Geometry

Octagon Calculator

Find a regular octagon's area, perimeter, width across flats and corners, and apothem from its side length.

Area

120.7107

Area = 2(1 + √2) × s². A side of 5 covers about 120.71 square units.

Perimeter (8s)

40

Width across flats

12.0711

Width across corners

13.0656

Apothem

6.0355

How it works

A regular octagon has eight equal sides and eight equal angles of 135° each. One measurement — the side length — is enough to pin down its area, its perimeter, and how wide it sits in either direction.

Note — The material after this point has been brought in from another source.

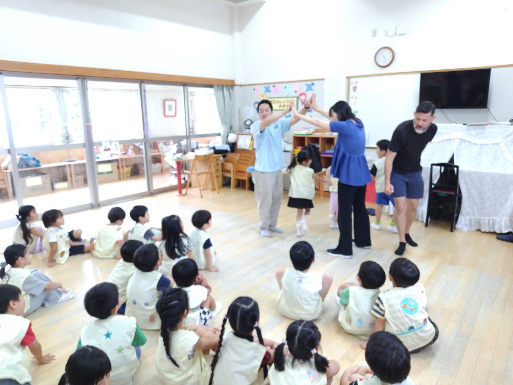 東京都市大学附属小学校から、お二人の先生がいらしてくださいました。先生方の自己紹介から始まりました。子どもたちは、だんだんと“英語あそび”の世界に引き込まれていきます。好きな食べ物の話し、ボールを使った数と色あて、小さなボールのつかみ取りから始まる数あそび・・・。静かに話を聞く姿勢をほめられ、質問にしっかりと応える姿をほめられ、元気な声が部屋中に響きます。最後に、通り道を先生側がつくり、子どもたちが通る側になり“London Bridge Is Falling Down”をしました。ドキドキ、ワクワクの楽しい時間。子どもの歌ですがちょっとした文法が織り込まれており、大人でも勉強になります。今日は、小学校の校長先生がやま組、もり組の子どもたちの様子をみてくださいました。終始笑顔で過ごされていました。

The area uses the tidy formula 2(1 + √2) × s², and the perimeter is eight times the side. Two widths matter in practice: the distance across the flat sides is (1 + √2) × s, while the distance across opposite corners is √(4 + 2√2) × s. The apothem, from the center to a side, is half the across-flats width.

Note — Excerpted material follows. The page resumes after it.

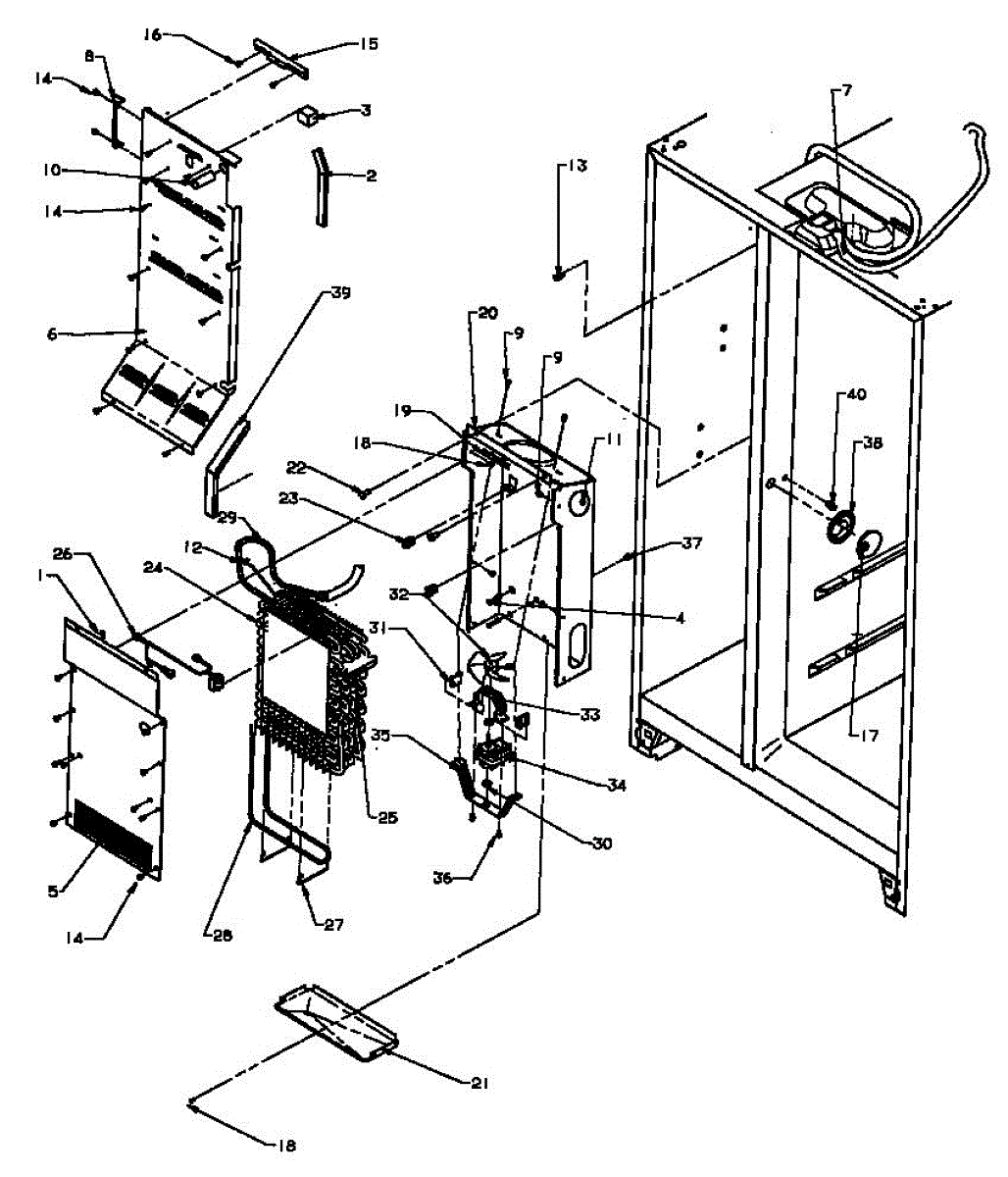 • Access is behind the freezer's rear evaporator cover; remove shelves/bins and the panel

Stop signs, umbrella frames, and gazebo floors are everyday octagons. Enter a side of 5 and the area works out to about 120.71 square units.

Frequently asked questions

What's the area formula for a regular octagon?

Area = 2(1 + √2) × s², where s is the side length. The 2(1 + √2) factor is roughly 4.83, so an octagon's area is close to five times the square of its side.

What's the difference between width across flats and across corners?

Across the flats is the distance between two opposite sides, (1 + √2) × s, which is what you'd measure with calipers on a bolt head. Across the corners is the longer distance between two opposite vertices, √(4 + 2√2) × s.

How big is each interior angle?

Every interior angle of a regular octagon is 135°. The eight angles add up to 1080°, which is (8 − 2) × 180° by the polygon angle-sum rule.